Risk scores were calculated for the samples in the dataset from TCGA using the risk score system. Based on the median of risk scores, the samples in TCGA were classified into high- and low-risk groups. Then, the difference between the survival times of individuals within the two groups was characterized by KM survival curves. The results indicated that the risk score system could effectively distinguish the high- and low-risk groups (P<0.01; Fig. 6A). Subsequently, the risk score system was applied to the validation dataset GSE10186, demonstrating that the high- and low-risk groups could also be differentiated (P=0.0341; Fig. 6B). Therefore, the risk score system exhibited high robustness, and the nine lncRNAs were significantly associated with the prognosis of patients with HCC. Furthermore, ROC curve analysis was applied to evaluate the predictive diagnostic value of the 9-lncRNA risk score system using TCGA and the validation dataset. The sensitivity, specificity, positive predictive value, negative predictive value, and the area under the ROC curves (AUC) were determined. The AUC values of the 9-lncRNA risk score system for TCGA and GSE10186 were 0.953 and 0.922, respectively (Fig. 7).

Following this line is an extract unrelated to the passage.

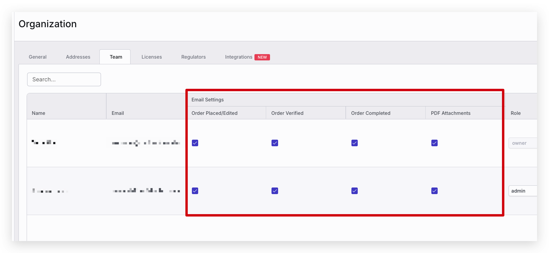 You can also contact your Organization’s account Administrator or Owner to check your email notification settings or update your email notifications. Team email notification settings can be updated for steps throughout the Order process by going to Settings -> Organization -> Team.

Analysis of lncRNA-associated pathways
mRNAs closely associated with the nine lncRNAs were selected from the four stable modules, and an lncRNA-mRNA co-expression network was constructed (Fig. 8). In particular, phosphoenolpyruvate carboxykinase 2 (PCK2) was positively regulated by the lncRNA GBA3 in the co-expression network. The gene sets corresponding to the nine lncRNAs were separately determined with pathway enrichment analysis. The results revealed that the mRNAs associated with the nine lncRNAs were mainly enriched in ‘cell cycle’, ‘drug metabolism’, ‘peroxisome proliferator-activated receptor (PPAR) signaling pathway’, ‘cell focal adhesion’, ‘calcium signaling pathways’, and ‘endogenous cell receptor interactions’.
Discussion
In the present study, blue, magenta, yellow and green modules were screened as four stable modules by WGCNA. Additionally, the four stable modules were determined to be significantly associated with certain clinical factors, including grade, TNM stage, pathologic stage, recurrence and radiation therapy. For TCGA, GSE55092 and GSE19665, a total of 3,051 consensus DE-RNAs were identified, including 10 lncRNAs and 3,041 mRNAs. Subsequently, 14 prognosis-associated lncRNAs were selected, and a 9-lncRNA optimal combination, including DGCR9, GBA3, HCG4, NAT8B, NBR2, PART1, RFPL1S, SLC22A18AS and TCL6 was identified. A risk score system was built based on the optimal lncRNA combination, which effectively distinguished high- and low-risk individuals within the validation dataset GSE10186.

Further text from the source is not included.